1.3.1.4 Protective Hull Coatings - To retard the buildup of macrofouling on
hull surfaces, which adds additional weight and drag to the platform and
increases the potential for component destruction by boring organisms,
protective hull coatings may be applied. Toxic coatings are not practical
for heat exchanger surfaces because their thickness interferes with heat
transfer. Protective hull coatings may incorporate heavy metal oxides,
organic compounds, or thermoplastic paints as their toxic constituent.
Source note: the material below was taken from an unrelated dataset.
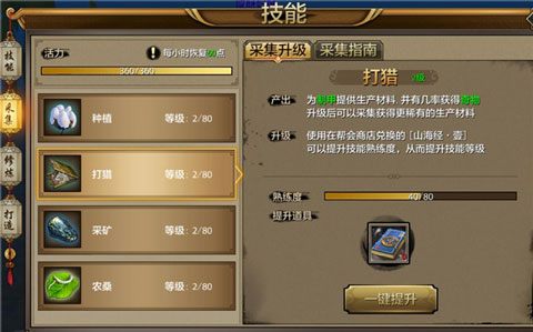 生活技能在角色等级达到35级的时候就可以学习,采集到的初级材料可以合成打造装备的材料,分别是棉布,用于打造项链和帽子。毛皮,用于打造护符和衣服。矿石,用于打造戒指和护肩。丝线,用于打造护腕和鞋子。打造等级高的装备,需要的材料等级也会提高,所对应的生活技能也需要提升等级。生活技能升级需要的书籍可以在帮会用帮贡进行兑换,高等级的书籍还可以通过藏宝图获得。
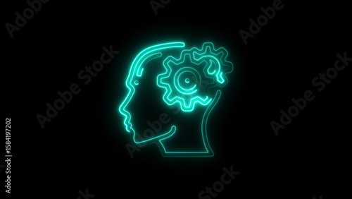 Glowing neon brain with gear inside head conceptualizing thinking and intelligence

Protective hull coatings consist of a matrix containing a soluble toxic
constituent: either the toxic constituent diffuses out of the matrix, or the
entire coating gradually erodes to expose a fresh surface. Oxides of copper,
mercury, and zinc are often used. However, toxic metal oxides require a
protective primer coating when applied to metallic structures. Another
consideration with regard to heavy metal oxides is the Federal government
restriction of some paints (e.g., those based with mercury) because of
potential environmental effects (Jacoby, 1981).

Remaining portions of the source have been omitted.